I've got here via Google and the answers got me on the right track for Django CMS 3 Beta. To extend the page model and hook your extension into the toolbar, you can follow along the official documentation:
http://django-cms.readthedocs.org/en/latest/how_to/extending_page_title.html
Access value in template
{{ request.current_page.<your_model_class_name_in_lowercase>.<field_name> }}
For example, I extended the page model with this model:
from django.db import models
from cms.extensions import PageExtension
from cms.extensions.extension_pool import extension_pool
class ShowDefaultHeaderExtension(PageExtension):
show_header = models.BooleanField(default=True)

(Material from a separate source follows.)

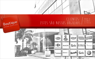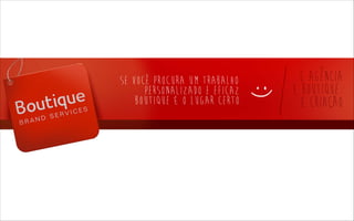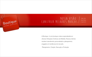 A Boutique oferece soluções criativas sob medida para desenvolver marcas fascinantes através de comunicação inovadora, como planejamento estratégico, criação, execução e produção de campanhas de marketing que movam os consumidores e tornem as marcas emocionais e economicamente bem-sucedidas.
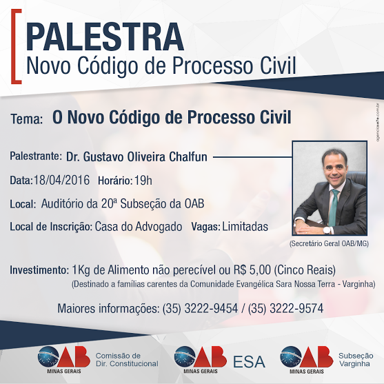 Dia 18/04: O Novo Código de Processo Civil, com o professor de Direito Processual Civil da FADIVA, Dr. Gustavo de Oliveira Chalfun.

extension_pool.register(ShowDefaultHeaderExtension)
To access its values in the template:
{{ request.current_page.showdefaultheaderextension.show_header }}

Since I dont have enough reputation I cannot comment on Timmy O'Mahony's Post directly. However I want to note that the proposed solution of adding a StackedInline Object to the PageAdmin.inlines list does not work any more as supposed.
I'm working with Djangocms 3.3 and somewhere between Timmy O'Mahony's version any mine the authors changed the semantic of the inline List. It's content is now shown in the Permissions Menu for that specific page (including possibly added futher StackedInline or TabularInline items).